CAR-T Intelligence Agent¶
Cross-functional intelligence across the CAR-T cell therapy development lifecycle. Part of the HCLS AI Factory.

Overview¶
The CAR-T Intelligence Agent breaks down data silos across the 5 stages of CAR-T development. It searches across all data sources simultaneously and synthesizes cross-functional insights powered by Claude.

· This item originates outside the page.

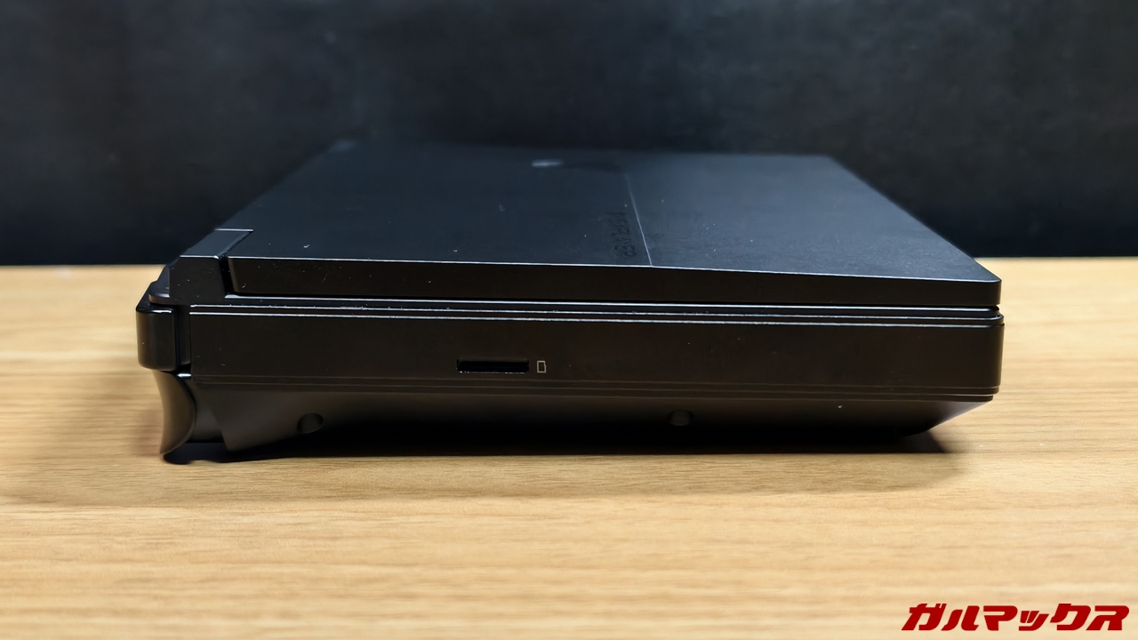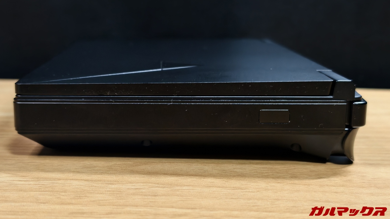 ▼デザインは全体的にカクカクしています。厚みもそれなりにあるので、昔の東芝のノートパソコンみたいな感じがある。小さいけど重厚感は抜群にあります。↓
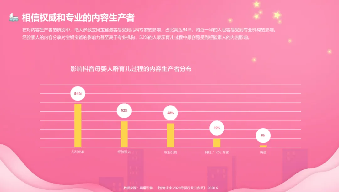 互联网促进了大众共同生活体验的分享,极大的拉近了人与人之间的心理距离。现在很多素人们会通过短视频直播进行一些非常真实且真诚的育儿分享,让他们能够深入到宝爸宝妈的内心,数据显示,经验素人的内容分享对宝妈宝爸的影响力甚至高于专业机构,52%的人表示育儿过程中最容易受到经验素人的内容影响。

| Collection | Records | Source |
|---|---|---|
| Literature | 5,047 | PubMed abstracts via NCBI E-utilities |
| Clinical Trials | 973 | ClinicalTrials.gov API v2 |
| CAR Constructs | 6 | 6 FDA-approved CAR-T products |
| Assay Results | 45 | Curated from landmark papers (ELIANA, ZUMA-1, KarMMa, CARTITUDE-1, etc.) |
| Manufacturing | 30 | Curated CMC/process data (transduction, expansion, release, cryo, logistics) |
| Safety | — | Pharmacovigilance, CRS/ICANS profiles |
| Biomarkers | — | CRS prediction, exhaustion monitoring |
| Regulatory | — | Approval timelines, post-marketing requirements |
| Sequences | — | Molecular binding, scFv sequences |
| Real-World Evidence | — | Registry outcomes, real-world data |
| Genomic Evidence | (read-only) | Shared from Stage 2 RAG pipeline (Milvus) |
| Total | 6,266+ vectors | 11 collections (10 owned + 1 read-only) |
Example Queries¶
"Why do CD19 CAR-T therapies fail in relapsed B-ALL?"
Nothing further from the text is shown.